2017 Workshop: High Latitude System Frontiers

The magnetosphere, ionosphere, and thermosphere act as a coherently integrated system to solar drivers. This ‘system science’ approach is well recognized as the path forward for advancing space weather predictive capabilities as embraced by the CEDAR Strategic Plan, the NRC Decadal Survey, and, most recently, the OSTP Space Weather Action Plan. Nowhere is this systems approach more necessary than at high geomagnetic latitudes, where solar wind power dissipates within the geospace system through a cascade of ineracting processes, with physical scales ranging from 1000’s of kilometers (e.g., global convection, region 1 and 2 currents) to 10’s of meters (e.g., dispersive Alfven waves, plasma instabilities).

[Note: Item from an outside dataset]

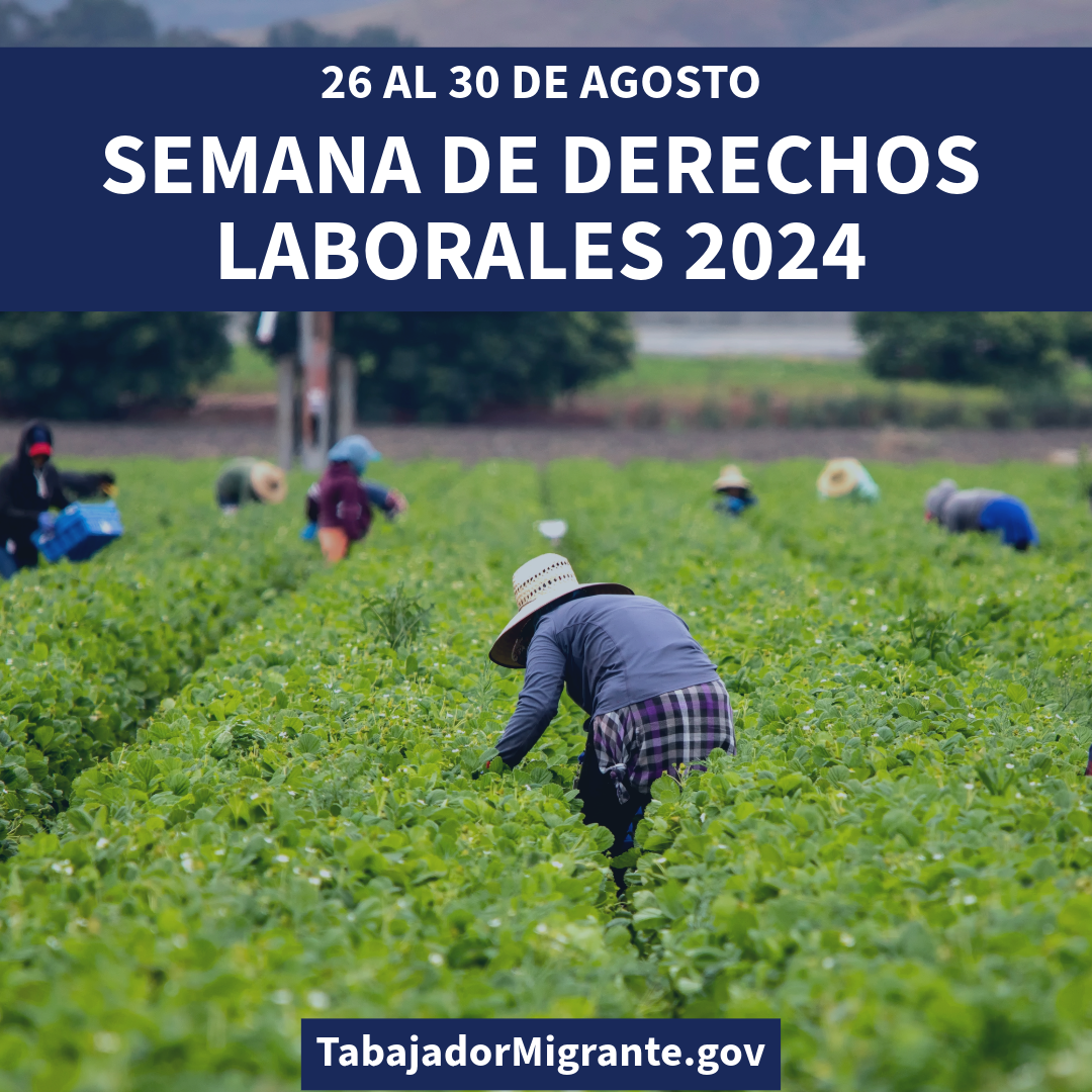 Este año estamos reconociendo la semana de #DerechosLaborales del 26 al 30 de agosto, centrándonos en los derechos, la salud y la seguridad para los trabajadores. Visite TrabajadorMigrante.gov para saber más sobre sus derechos en el trabajo. #SDL2024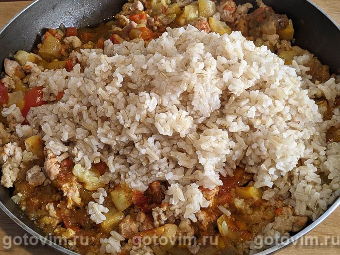 Овощная запеканка с рисом и куриной грудкой. Рецепт с фото

Recent years have witnessed a rapid expansion of networked instrumentation deployed to the geomagnetic polar regions. These observations are supported by increasingly sophisticated models and conjugate observations from orbital platforms (ePOP, SWARM, DMSP, Cubesats). Efforts to reconcile ground- and space-based perspectives have called into question our understanding of four key areas: (1) electromagnetic energy input and transfer in the geomagnetic polar regions, (2) sources and impacts of instabilities and turbulence on the high-latitude I-T system, (3) affects of extreme gradients on electrodynamic coupling with the polar magnetosphere, and (4) sources and mechanisms of high-latitude plasma escape. The purpose of this grand-challenge workshop is to provide a forum for the community of investigators addressing these and related processes in Earth’s open geomagnetic field region from disparate perspectives.